Got the same error with the origin model
got the same error with finetuned Mixtral 7bx8
I tried to load a GPTQ version of Mixtral 8x7b and got an error, but a different one than posted here.
I got:
config.py gptq quantization is not fully optimized yet. The speed can be slower than non-quantized models.
config.py gptq does not support CUDA graph yet. Disabling CUDA graph.
worker.py -- Started a local Ray instance.

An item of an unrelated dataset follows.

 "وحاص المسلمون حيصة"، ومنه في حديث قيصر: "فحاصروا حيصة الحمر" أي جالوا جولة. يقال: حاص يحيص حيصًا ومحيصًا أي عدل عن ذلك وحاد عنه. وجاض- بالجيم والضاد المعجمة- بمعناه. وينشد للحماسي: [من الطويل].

llm_engine.py Initializing an LLM engine with config: model='model_path/TheBloke_Mixtral-8x7B-Instruct-v0.1-GPTQ', tokenizer='model_path/TheBloke_Mixtral-8x7B-Instruct-v0.1-GPTQ', tokenizer_mode=auto, revision=None, tokenizer_revision=None, trust_remote_code=False, dtype=torch.bfloat16, max_seq_len=32768, download_dir=None, load_format=auto, tensor_parallel_size=4, quantization=gptq, enforce_eager=True, seed=0)

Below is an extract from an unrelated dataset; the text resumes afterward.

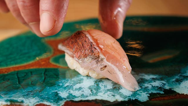 皮に炭を直接押し当てて焼き目を入れることで、炭の香りとネタの香りをマッチさせた絶品の『金目鯛炭たたき』

Traceback (most recent call last):
File "local_path/mixtral_vllm.py", line 3, in <module>
llm = LLM("model_path/TheBloke_Mixtral-8x7B-Instruct-v0.1-GPTQ", quantization="GPTQ", tensor_parallel_size=4)
^^^^^^^^^^^^^^^^^^^^^^^^^^^^^^^^^^^^^^^^^^^^^^^^^^^^^^^^^^^^^^^^^^^^^^^^^^^^^^^^^^^^^^^^^^^^^^^^^^^^^^^^^^^^^^^^
File "anaconda_env_path/lib/python3.11/site-packages/vllm/entrypoints/llm.py", line 105, in __init__
self.llm_engine = LLMEngine.from_engine_args(engine_args)
^^^^^^^^^^^^^^^^^^^^^^^^^^^^^^^^^^^^^^^
File "anaconda_env_path/lib/python3.11/site-packages/vllm/engine/llm_engine.py", line 250, in from_engine_args
engine = cls(*engine_configs,
^^^^^^^^^^^^^^^^^^^^
File "anaconda_env_path/lib/python3.11/site-packages/vllm/engine/llm_engine.py", line 108, in __init__
self._init_workers_ray(placement_group)
File "anaconda_env_path/lib/python3.11/site-packages/vllm/engine/llm_engine.py", line 195, in _init_workers_ray
self._run_workers(
File "anaconda_env_path/lib/python3.11/site-packages/vllm/engine/llm_engine.py", line 755, in _run_workers
self._run_workers_in_batch(workers, method, *args, **kwargs))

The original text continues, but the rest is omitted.